Abbaubare und nachfüllbare Kapseln
Neue Wege beschreitet seit zwei Jahren die Ethical Coffee Company. Deren Kapseln sind „aus nachwachsenden Rohstoffen, größtenteils Pflanzenfasern und Stärke, gefertigt und kompostieren sich innerhalb von sechs Monaten nach Gebrauch“. Müll vermeiden und Geld sparen sollte man auch mit wiederbefüllbaren Plastikkaspeln, wie sie die niederländische Firma Coffeeduck anbietet. Sie sind – so wie die abbaubare Variante – zum Gebrauch in der Nespressomaschine (ausgenommen Geräte mit automatischem Kapseleinzug) geeignet. Tests in einschlägigen Foren (z.B. www.kapsel-kaffee.net) attestieren problemlose Handhabung. Beim Befüllen ist etwas Erfahrung notwendig. Preisersparnis und Geschmack sind je nach eingefülltem Kaffee unterschiedlich. Aus Frankreich kommt das System „Capsul‘in“, die Packung erhält zu den Plastikdosen runde Verschlussteile zum Aufkleben (www.capsul-in.com). Mit dem Preis „Swiss Innovation 2012“ und einem „Sehr gut“ im Öko-Test-Magazin 10/2013 ausgezeichnet wurde die erste wiederbefüllbare Kapsel aus Edelstahl (www.mycoffeestar.de). Laut eigenen Angaben liegt die Preisersparnis gegenüber Nespresso-Kapseln bei 470 Euro im Jahr.
Fairtrade und bio
Noch nicht lange auf dem (Internet-)Markt sind die kompostierbaren und mit Fairtrade-Kaffee befüllten Kapseln „beanarella“ der Swiss Coffee Company AG (www.beanarella.de). Aber auch die großen Marken beginnen langsam damit, einzelne Sorten mit dem Siegel „Fairtrade“ oder „bio“ anzubieten.
Auch Tee wird verkapselt
Die Prämissen „individuell und einfach“ gelten neuerdings auch für Tee. Weit weg von Teezeremonien, aufbrühen und ziehen lassen, versorgt etwa „Teekanne“ die Nespressomaschinen mit „Easy Tea“. Andere Anbieter folgen. Die Konsumenten stehen diesen Produkten allerdings (noch) sehr skeptisch gegenüber. Es bleibt abzuwarten, ob sich in Zukunft die Teekapseln neben den Kaffeekapseln stapeln werden – zuerst in der Küche und dann auf den Müllhalden.
Aufgetischt
Kaffeespezialitäten
Ein Streifzug vom Arabischen Kaffee bis zum Verlängerten, von Zubereitungsarten in verschiedenen Ländern bis zum Wiener Kaffeehaus.
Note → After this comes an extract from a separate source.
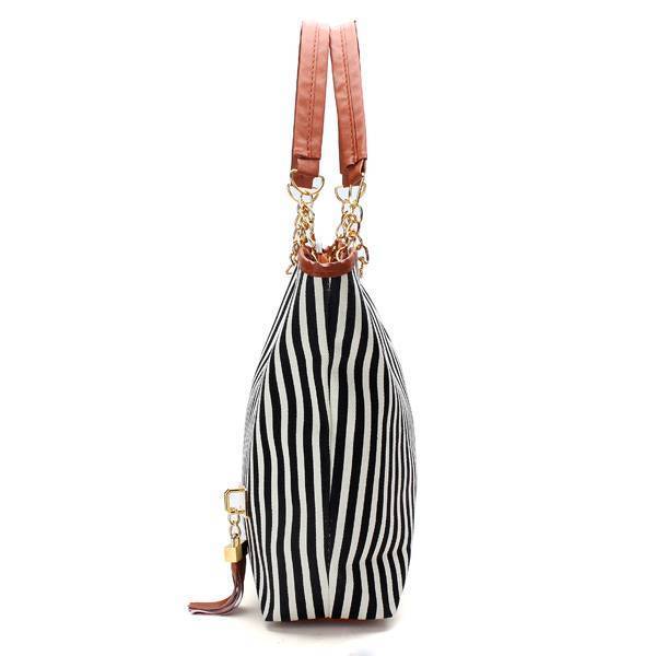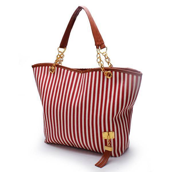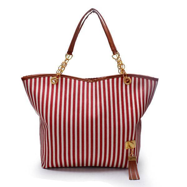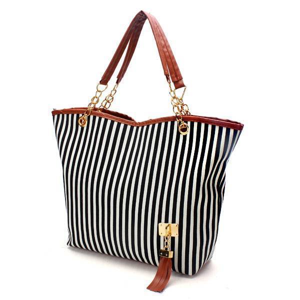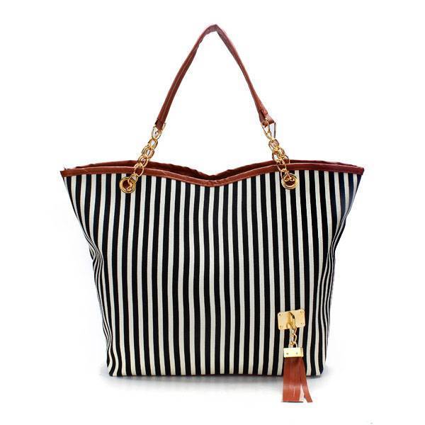 Gemütliche bis zum Markt oder in den Supermarkt mit so einem netten gestreiften Einkaufstasche. Es ist aus robustem Canvas, schließt mit einem Reißverschluss und die Ausstattung hat eine flotte Quaste berühren. Das aufwendige einkaufen auch gut am Strand und im Park. Wählen Sie aus zwei Farben.

– Arabischer Kaffee oder Café Orient: Man lässt eine Kardamonkapsel mitkochen und serviert sie auch in der Kaffeeschale. – Brauner: österreichische Bezeichnung für einen großen oder kleinen Espresso mit Obers oder Milch. – Café Borgia: ein große Espresso mit einem Barlöffel Honig, einem halben Barlöffel Schokoladenraspeln und etwas Zimt; wird in einer große Espressotasse verrührt. – Café Crème: französische Bezeichnung für einen kleinen Espresso mit einem Kännchen kalten Obers. – Cappuccino: Espresso mit heißer aufgeschäumter Milch. – Einspänner: kleiner Espresso im Glas mit Schlagobershaube. – Franziskaner: kleiner Espresso mit viel aufgeschäumter, heißer Milch, Schagobershaube und darauf Schokoladeraspeln. – Kaisermelange: großer Espresso, der mit zwei Barlöffeln Zucker und einem Eigelb gut verrührt und mit aufgeschäumter Milch serviert wird. – Türkischer Kaffee: In einem Kupferkännchen werden ein Barlöffel feiner Bohnenkaffee, Zucker nach Belieben und 12 cl Wasser aufgekocht. Nach dem Aufwallen vom Feuer nehmen. – Verlängerter: kleiner Espresso, der mit der doppelten Menge Wasser hergestellt wird.
Aus dem Handlexikon der Getränke, S. Siegel et al., Trauner Verlag.